Celebrity money advice can ruin Canadians’ finances – why millions are getting it wrong.

A driver of money

Millionaires and financial influencers love to give money advice. But not all of it is sustainable – and in some cases, following it can ruin your finances.

Take Suze Orman’s claim (1) that skipping coffee can make you $1 million. The idea is based on investing in a sustainable way to save small amounts of money with high returns over a long period of time. But critics point out that this assumption is unrealistic – and ignores the major financial pressures facing Canadians, such as rising housing costs, stagnant income growth and high household debt.

Another top-notch tip can be as simple as that. Kevin O’Leary (2) recommended that people earning $70,000 avoid buying a house. In Canada, real estate markets vary (3) between cities like Toronto, Calgary and Halifax, and that kind of advice can completely miss the mark.

Meanwhile, Dave Ramsey’s (4) proposition that retirees can withdraw 8% annually from their investments has been widely debated. Many investors warn that such a rate could reduce retirement funds quickly – especially in Canada, where longer life expectancy (5) increases the risk of saving money.

The bottom line is context. Much of this advice assumes that what worked for the rich will work for everyone else – even though many families face different financial circumstances, especially in a high-cost country like Canada.

The rise of financial influencers, or “finfluencers (6),” has exacerbated the problem.

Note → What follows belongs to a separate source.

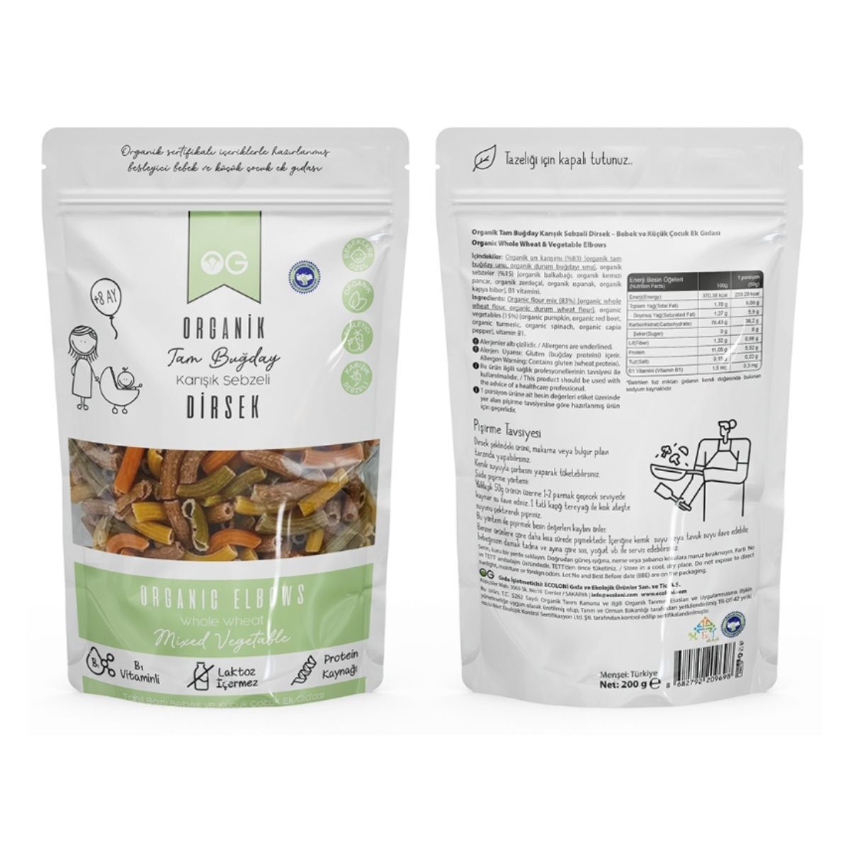 Bebeklerin ve çocukların en sevdiği makarna formlarından biri olan dirsek makarna, OG Organik dokunuşuyla tam bir vitamin deposuna dönüşüyor! Mevsiminde toplanan taze sebzelerin püre haline getirilerek organik durum buğdayı irmiği ile buluştuğu bu özel ürün, hiçbir koruyucu, katkı maddesi veya gıda boyası içermez.

Social media has become a major source of money advice (7) for young Canadians. Platforms like TikTok, Instagram and YouTube are now full of news about budgeting, investing and side hustles, often presented in quick, bite-sized pieces. That sounds promising, right?

However, this advice comes with a downside. Research highlighted by the CFA Institute (8) shows that although younger generations rely heavily on social media for financial education, the quality of advice can vary greatly.

Part of the point is that anyone can present themselves as an expert. Unlike certified financial planners, influencers are not required to meet professional standards (9), but their content can still shape real financial decisions.